O Anjo enverga ainda uma couraça azul-marinho que o cobre desde os ombros até um pouco abaixo da cinta, sendo rematada por faixas douradas. Um pequeno e avermelhado manto, esvoaço-a atrás do Arcanjo, no sentido esquerda-direita, estando apoiado sobre o ombro sinistro da imagem. Conferindo-lhe o estatuto de Anjo de Deus, atenta-se agora em mencionar as suas asas abertas e pontiagudas que surgem nas traseiras da imagem e que majestosamente estão policromadas da mesma cor amarelo-creme, sendo delimitadas e motivadas por linhas douradas. Refira-se agora que, abaixo dos joelhos, o mesmo calça umas sandálias verde-garrafa, delimitadas acima por um pequeno panejamento avermelhado e preso por uma poma dourada.

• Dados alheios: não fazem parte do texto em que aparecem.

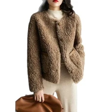 오스틱니 (우아한 추천) 여성 빅사이즈 라운드넥 뽀글이 숏 털코트 자켓 겨울 날씬해보이는 슬림핏 융털 후리스 아우터 따뜻한 외출 큰옷 여성의류 단아한 데일리 퍼 잠바 77

O seu braço direito apresenta-se levantado e separado do corpo, sendo que a sua mão, serrada, segura destemidamente uma espada que representa o poder da Palavra de Deus. Contrariamente, o seu braço esquerdo apresenta-se relaxado e segura, delicadamente, a balança que pesa as almas. E também estas estão incutidas nesta rica escultura. Ajoelhadas e em atitude de prece e súplica, as almas, de cabelos longos e acastanhados, olham para o Anjo, como que a suplicar a entrada no Reino dos Céus. Entende-se esta alusão se se conhecer a tradição cristã que alega que é o Arcanjo São Miguel, quem indica às almas o destino eterno, conforme as atitudes terrenas que tiveram. É por essa razão que o mesmo é conhecido como o Pesador das Almas. No mesmo sentido, a tradição católica atesta que é este o Anjo que, no Apocalipse, triunfará sobre o mal, esmagando o Demónio chamado Lúcifer. Também esta analogia se apresenta nesta completa imagem de arte sacra. Refira-se que São Miguel de Gemunde calca um negro Dragão. Este ser mitológico, de pescoço torcido para cima, idealiza ao espectador que tentou devorar as almas; no entanto, Miguel esmagou todo o seu corpo, lembrando assim a vitória de Deus sobre o mal. Toda esta imagem assenta sobre uma base retangular castanha.
Bibliografia Consultada:
- Almeida, L. G. C. (2013). Santiago de Outiz e sua Anexa São Miguel de Gemunde - Apontamentos Monográficos. Vila Nova de Famalicão: Junta de Freguesia de Outiz.
- Vieira, A. M. (2000). As Capelas no Concelho de Vila Nova de Famalicão. Vila Nova de Famalicão: Câmara Municipal de Vila Nova de Famalicão.